Are you poisoning yourself and possibly your family without even being aware of it? Each year, one in six Americans get sick from contaminated food, according to the Centers for Disease Control and Prevention. This article highlights some of the common foods that cause food poisoning and offers tips on how to cut down risks to you and your family in the summer heat.
Not all cases of food poisoning are that serious, but they can still cost you a day or two of downtime and you may not even be aware of the fact it’s your food that has incapacitated you. Other cases can land you in the hospital and even be life-threatening.
With the current heatwave surging across the US, we thought we’d identify some of the common culprits, and you may be surprised by what can and often does make you ill, both in restaurants and at home.
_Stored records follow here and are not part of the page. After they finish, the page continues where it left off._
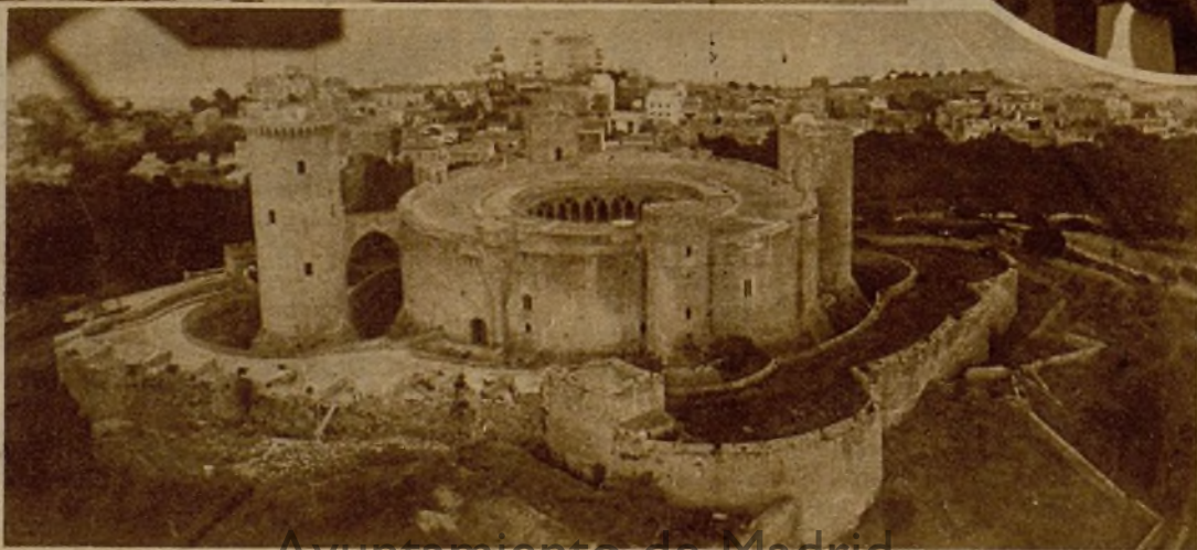
Una vista, tomada desde uno de los aviones que operan sobre Mallorca, del famoso castillo de Bellver. En esta fortaleza tienen encerrados los facciosos a los hombres de izquierda, a quienes aprisionaron al declararse en rebeldía contra el Gobierno de la República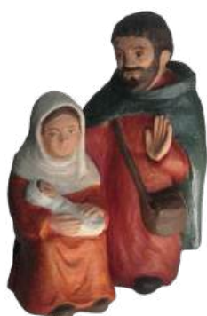
sainte Famille 17,5 cm réf. : stFAM. 68 € TTC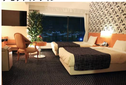
エグゼクティブツイン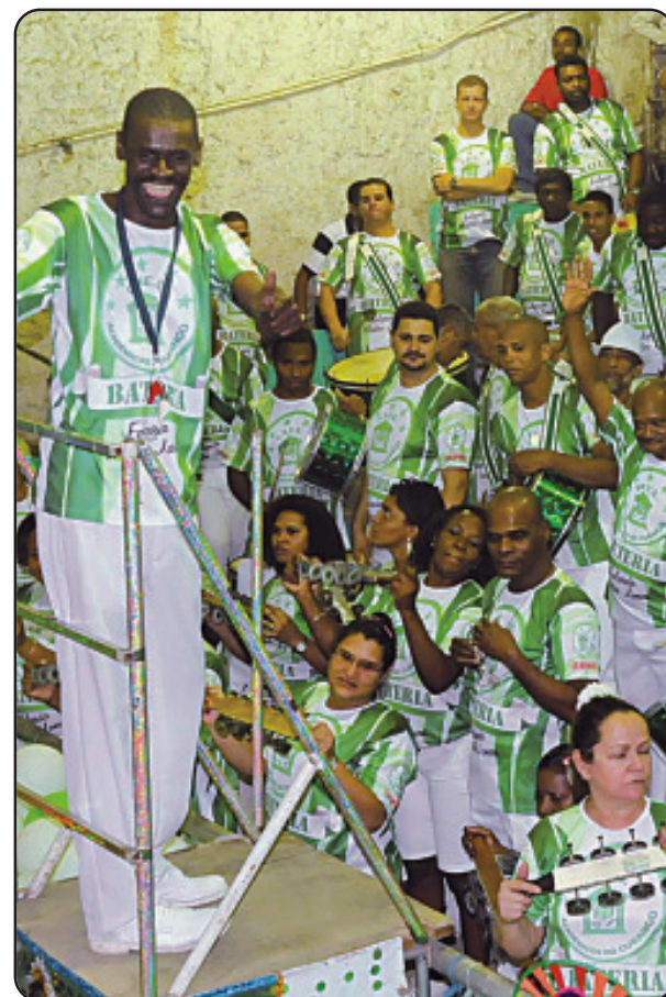
Acadêmicos do Cubango

Irineu Evangelista de Souza, o Barão de Mauá, foi um brilhante industrial, banqueiro, político e diplomata que edificou os estaleiros da Companhia Ponta da Areia e construiu, no ano de 1846, a indústria náutica brasileira, que se estabeleceu em Niterói. Em visita à cidade, o ex-presidente Lula elegeu o enredo da escola do bairro Cubango “o melhor de todo o carnaval brasileiro deste ano”. A agremiação contará com o ator Paulo Betti interpretando o Barão.

Without a doubt, one of the most common causes of food poisoning is from rice, referred to as “fried rice syndrome” and it’s one most people are blithely unaware of. Rice contains Bacillus cereus, a toxin-producing bacteria that is one of the most common causes of food poisoning. How common are incidents?
An estimated 63,000 cases of food poisoning caused by B. cereus occur each year within the U.S., according to a 2019 article published in the journal Frontiers in Microbiology. Most cases however aren’t even reported, as the symptoms are usually mild enough to avoid a doctor’s visit, but uncomfortable enough to make you take the day off work.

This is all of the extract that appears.